Ten years later, Black Enterprise magazine calls Hip Hop "America's greatest cultural export." Moderately budgeted straight-to-video films starring rappers wanting to be actors are too numerous to mention, plus there are Hip-Hop studies courses at Ivy League universities, Hip-Hop videogames, Hip-Hop potato chips, Hip-Hop reality shows, a Hip-Hop nighttime drama series and countless Hip-Hop-oriented candy, soft drink, automobile, deodorant and clothing ads. Even Elmo spits a rhyme on one of my daughter's Sesame Street videos.

Is it possible that Hip Hop has become so inextricably interwoven into the fabric of American popular culture that the two have become one in the same?

The good news is that Hip Hop's uncanny ability to continually reinvent itself has contributed to its longevity over the course of the last 25 years. Still, there's the risk that the art form could lose its cultural and historical significance due to commercial overexposure, a risk advertising and marketing professionals are unlikely to consider as they pitch ideas for the next big Hip-Hop-oriented ad campaign.
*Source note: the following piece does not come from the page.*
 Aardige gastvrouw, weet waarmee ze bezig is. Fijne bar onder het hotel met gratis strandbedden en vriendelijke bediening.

And rarely are the suits molding the image of Hip Hop so that America sees the same individuals who served as the architects of the culture. In the now defunct Blu Magazine, writer Pravasan Pillay poignantly reminded us that the popular advertising campaign slogan "Just Do It" really meant "use what little money you have and spend it on (their) version of what was your idea in the first place."
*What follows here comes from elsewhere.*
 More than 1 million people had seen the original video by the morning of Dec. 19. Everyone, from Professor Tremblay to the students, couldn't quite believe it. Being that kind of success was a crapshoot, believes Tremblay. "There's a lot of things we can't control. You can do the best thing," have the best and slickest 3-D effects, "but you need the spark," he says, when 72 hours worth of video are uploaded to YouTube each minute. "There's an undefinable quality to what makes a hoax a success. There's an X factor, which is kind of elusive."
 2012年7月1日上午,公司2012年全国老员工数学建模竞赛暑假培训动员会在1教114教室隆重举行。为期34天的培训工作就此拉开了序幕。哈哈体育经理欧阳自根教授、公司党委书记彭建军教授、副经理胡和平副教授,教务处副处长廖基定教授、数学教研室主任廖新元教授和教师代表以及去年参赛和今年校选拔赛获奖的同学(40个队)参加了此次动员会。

This quote recently came to mind when I noticed how suburban mall retailers were selling the skullies, bandanas, retro-style baseball caps and other accessories popularized by Rap stars over the past year or so. Apparently, someone on Madison Avenue has been doing his or her homework.

But what happens when the art form and culture collectively known as Hip Hop becomes so diluted that the bling turns to blah? Nas tells us to "save the music," warning that once Hip-Hop music and culture ceases to produce the billions it does now, it might be abandoned like ... Disco. Don't laugh: If the originators of Hip Hop fail to preserve it as a bona fide cultural legacy, fickle fans will turn their backs in the blink of an eye while marketers search for yet another underground, untapped phenomenon to pillage.
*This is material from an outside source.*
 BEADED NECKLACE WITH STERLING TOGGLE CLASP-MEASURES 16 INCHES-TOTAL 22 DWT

So as I prepared to invoke Public Enemy's rhetorical question, "Who stole the soul?," I stumbled upon a locally-produced cable documentary about Scribble Jam, held in the Cincinnati area since the late '90s (the most recent version taking place just last week). The piece, which covered event highlights over the last several years, featured a then-unknown battle rapper named Marshall Mathers as well as other lesser known emcees, dancers, turntablists and graf writers united in a celebration of pure, unpretentious Hip Hop.

By the way, Barney Rubble was nowhere to be seen.



KEVIN BRITTON writes about Hip-Hop music and its impact on popular culture. His column appears monthly in CityBeat.